Questa era la stanza più grande di un palazzo di
una famiglia benestante dove in genere soggiornava la padrona di casa
insieme a quelle che oggi potremmo chiamare coadiuvanti. Il nome
deriva appunto da "madonna", dal latino "mea domina", la "mia
signora.
In segiuto e con il passare del tempo, Madonna, con la M maiuscola
diventa appellativo di Maria la madre di Gesù ma è dalla dimensione
del salone del madornale che oggi si associa l'aggettivo ad un "grosso
errore" o ad un "cosa enorme ed in genere sbagliata. "Ho fatto un
errore madornale", "è un abbaglio madornale", proprio per via delle
dimensioni di quel salone che comunque aveva dimensioni letteralmente
spropositate. Nel corso del tempo fu anche dedicato all'accoglienza
degli ospiti e delle famiglie "amiche" perché l'unico nella casa, in
grado di accogliere un certo quantitativo di persone.

Il Palazzo o Palagio (dei) Davanzati, venne
costruito intorno alla metà del XIV secolo ma da un'altra famiglia,
quella dei Davizzi mercanti della corporazione della "Calimala". Nel
1516 passò di mano e divenne proprietà della famiglia Bartolini ed
ancora nello stesso secolo, alla famiglia Davanzati che apportò alcune
modifiche al palazzo e pose lo stemma di famiglia sulla facciata.

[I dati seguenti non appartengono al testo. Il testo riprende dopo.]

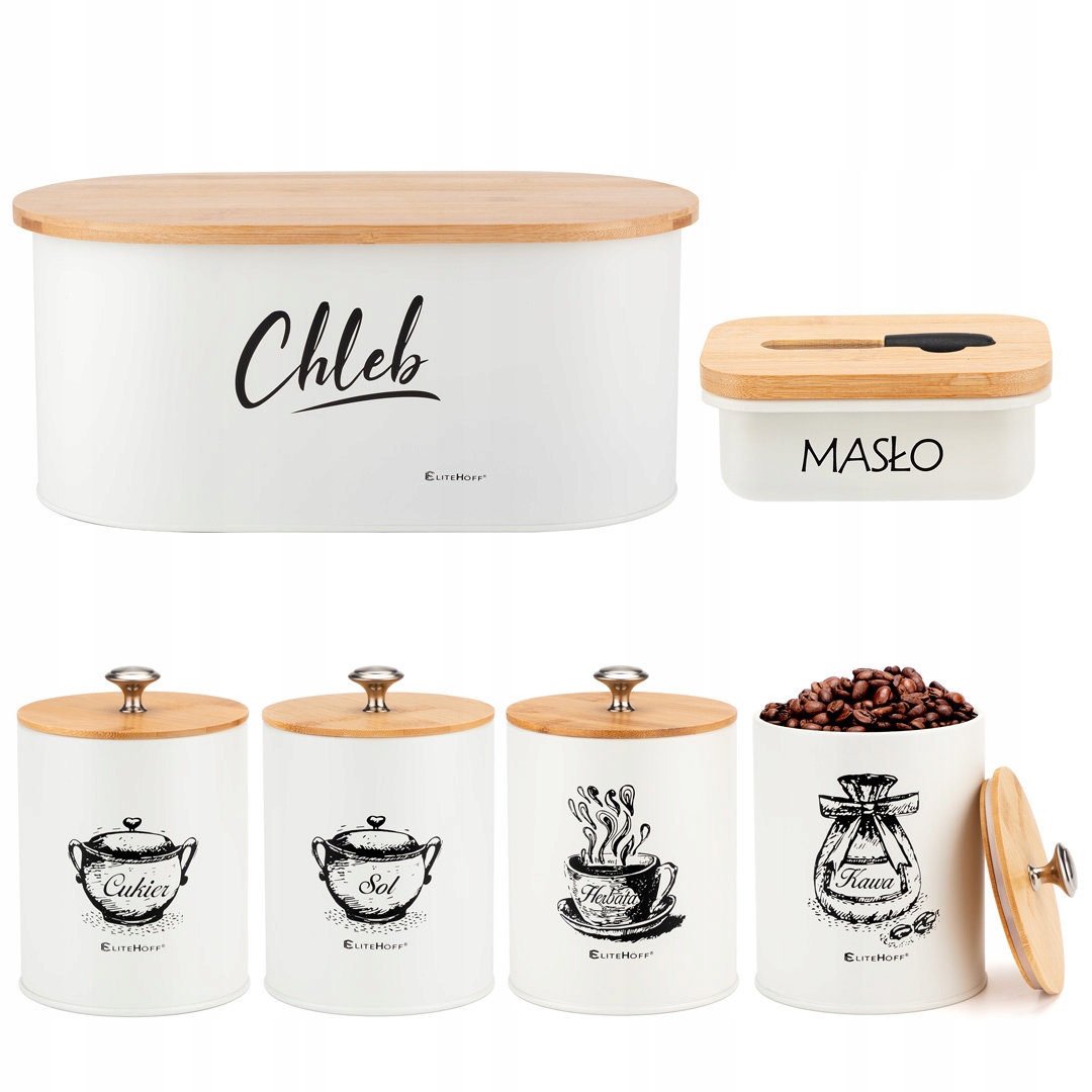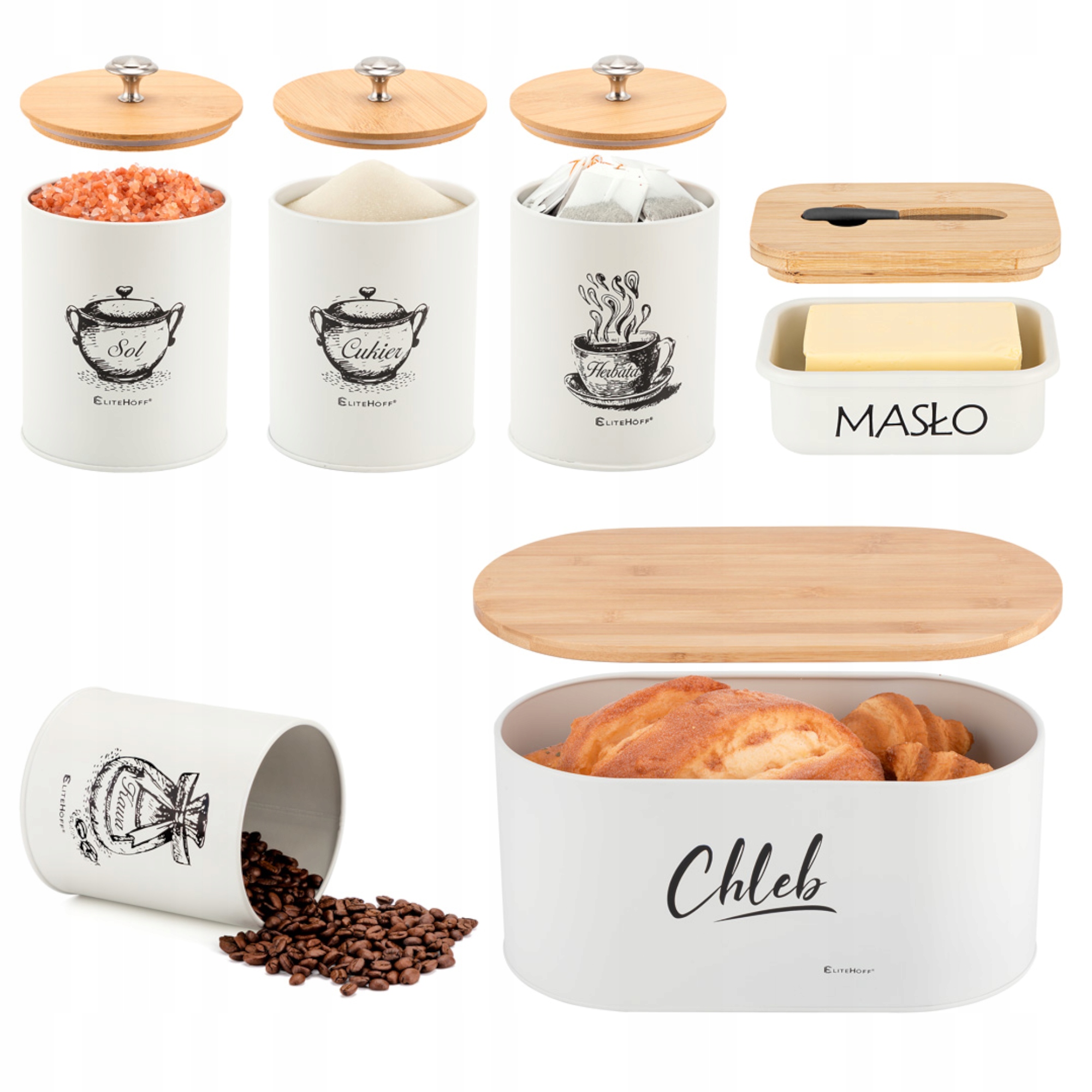 Кухонні ємності були розроблені, щоб задовольнити всі потреби вашої кухні. Вони стійкі до механічних пошкоджень і легко піддаються чистоті. Виготовлений з білого металу з порошковим покриттям. Чохли з бамбукового дерева. У кришці маслянки є ніж для масла, розміщений у профільованій ніші.

I
Davanzati modificarono l'ultimo piano togliendo l'originaria merlatura
apponendovi la grande terrazza a loggia denominata Altana.Il
Palazzo rimase
proprietà della famiglia Davanzati fino al 1838 quando, con il
suicidio di Carlo, si estinse il ramo maschile della famiglia e gli
ambienti furono divisi in quartieri e subirono varie alterazioni.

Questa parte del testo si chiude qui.